Plans emerged after minutes from a “secret” March 23 meeting were obtained by German news outlet Spiegel and the ARD public television network.

The plan would be coordinated by the German development agency (GIZ), and involve working with eight African countries including Sudan, Djibouti, Eritrea, Ethiopia and Somalia – all ranked “not free” by democracy watchdog Freedom House.

The E.U. would provide funding of 40 million euro ($45 million) over three years, supply equipment such as cameras, scanners and servers for registering refugees, assist with the construction of two refugee camps, and train their border police.

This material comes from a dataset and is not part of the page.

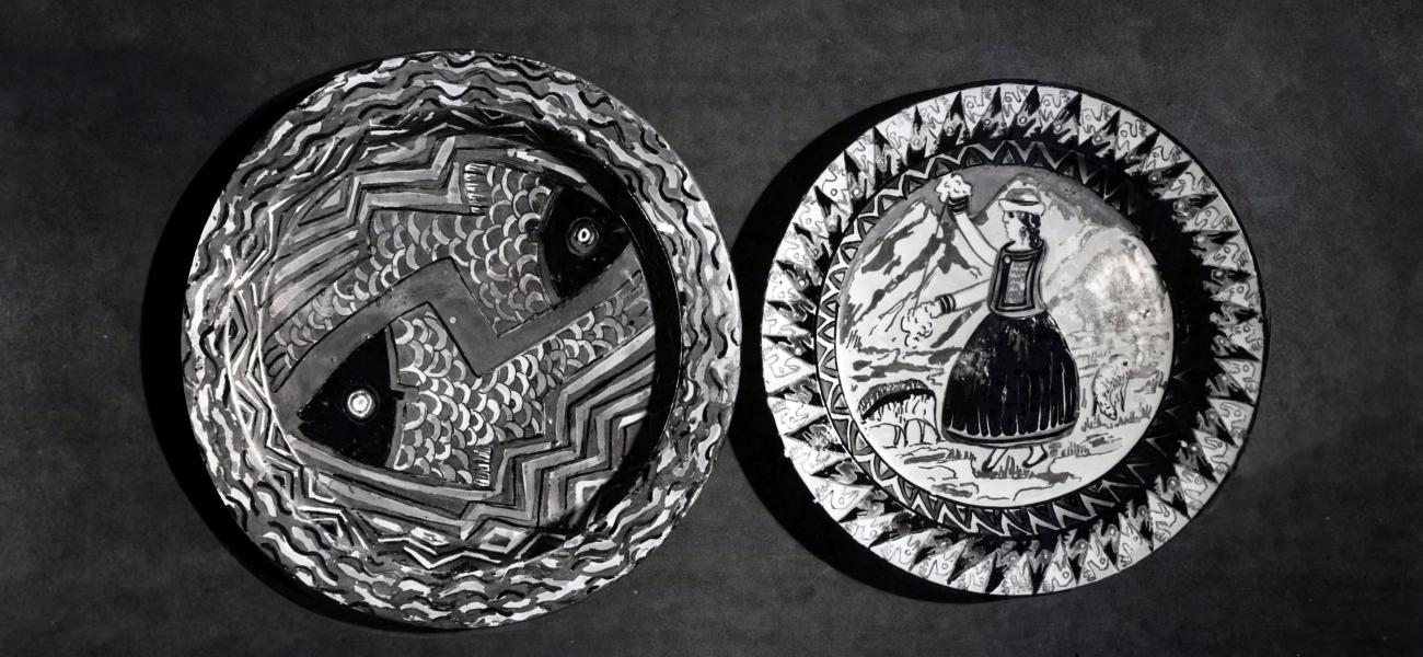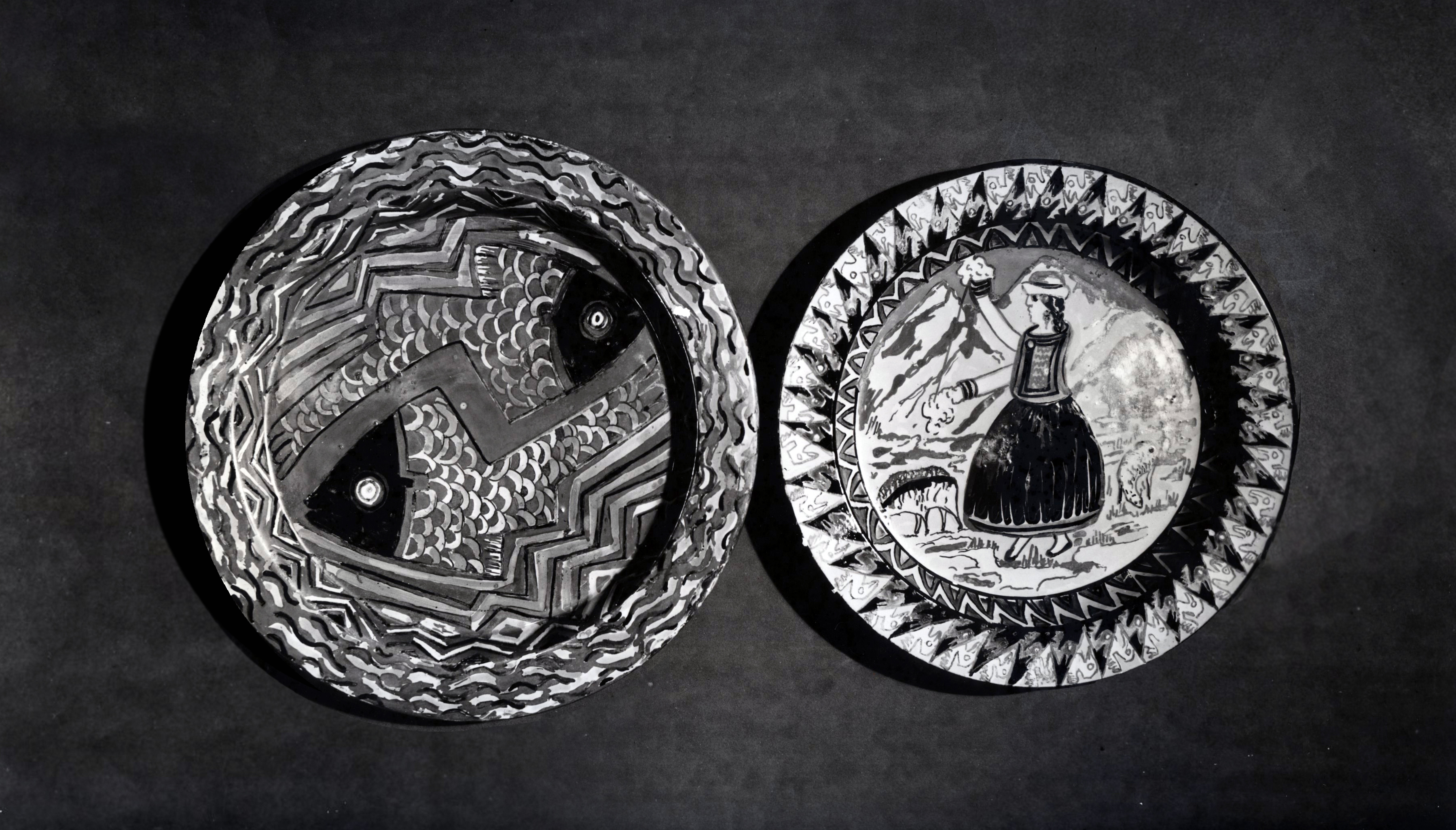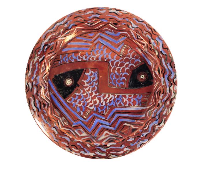 Though made by a Latin American ceramist, Saco’s plate was potted and fired in Europe; Manises, Spain, to be exact. On its reverse, the earthenware-looking dish reveals more information: it is made of white clay, and a hand-written note describes its decoration as being in an “ancient Peruvian cultural style.” Instead of leaving the light clay body visible, Saco decided to cover the work with a reddish-brown glaze, and she accentuated the animal forms with thick contour lines in black. Stylistically, these decisions refer to the earthenware ceramics of the ancient Nazca civilization, while also marking Saco’s participation in a contemporary art movement.

The foundations of the plan were first established during a 2015 E.U.-Africa summit in Valletta, Malta, where African and European leaders signed a 16-point action plan aimed at preventing irregular migration and combatting human trafficking.

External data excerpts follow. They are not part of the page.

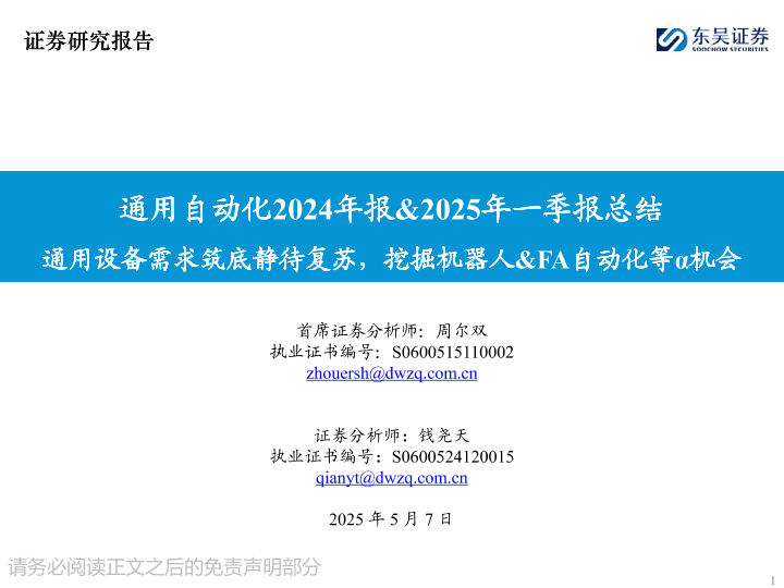 【东吴证券】【20250507】通用自动化行业2024年报&2025年一季报总结-52页
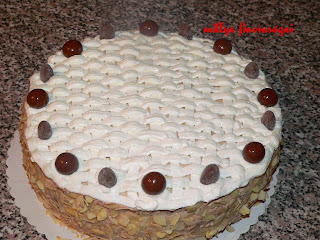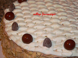 Felmelegtettem 5 dl tejsznt amibe beletettem 1 evkanl instant kvt 4 evkanl porcukrot s jl sszekevertem majd lehtttem. Miutn kihlt felvertem a kvs tejsznhabot s belekevertem 50 deka mascarpone sajtba. Ktfel osztottam az egyikbe belekevertem 1 tbla j minsg olvasztott csokoldt.A pisktt hromfel vgtam. Beletettem tortaformba az els pisktt s megtltttem a kvkrmmel majd utna a kvetkez pisktt tettem r s a csokikrm kvetkezett majd a piskta a tetejre. Betettem pr rra a htbe. Miutn megdermedt megkentem a torta oldalt a megmaradt tejsznes kvkrmmel s megszrtam szeletelt mandulval. A tetejre 2 dl felvert tejsznt tettem valamint mogyors s manduls csokigolyt.
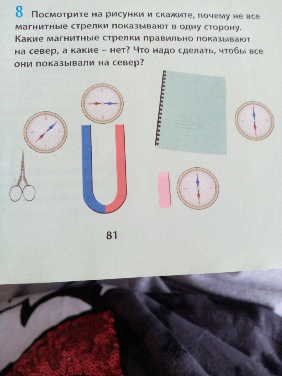 посмотрите на рисунки и скажите почему не стрелки показывают в одну сторону . какие магнитные стрелки правильно показываютна север. а какие нет. что надо сделать, чтобы все они показывали на север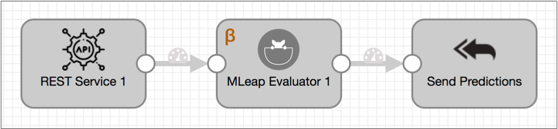 For example, in the following microservice pipeline, a REST API client sends a request with input data to the REST Service origin. The MLeap Evaluator processor uses a machine learning model to generate predictions and passes records that contain those predictions from the model to the Send Response to Origin destination, labeled Send Predictions, which sends the records back to the REST Service origin. The origin then transmits JSON-formatted responses back to the originating REST API client.

However, due to the negative reputation of some of the involved African countries’ governments, ranging from rights abuses to war crimes, the plan has met with criticism.

Eritrea is responsible for the third largest influx of migrants fleeing to the E.U., behind Syria and Afghanistan. Sudan, a key route for refugees from Eritrea, is suspected of collaborating with criminal human trafficking networks.

A U.N. inquiry into Eritrean human rights last June reported that its one-party government is “responsible for systematic, widespread and gross human rights violations that have created a climate of fear,” and noting that “the population is subjected to forced labor and imprisonment.”

Sudanese President Omar al-Bashir, meanwhile is wanted by the International Criminal Court on charges of war crimes, crimes against humanity and genocide, arising from the Darfur conflict.

Marina Peter of the German relief organization Bread for the World criticized the plan, saying working with Sudan meant that “a regime that destabilized the region and drove hundreds of thousands of people to flee is now supposed to stem the refugee problem for the E.U.”

The E.U. has been facing scrutiny as it struggles to find solutions to a growing migration crisis, with record numbers of refugees fleeing conflict-ridden zones in Africa and the Middle East.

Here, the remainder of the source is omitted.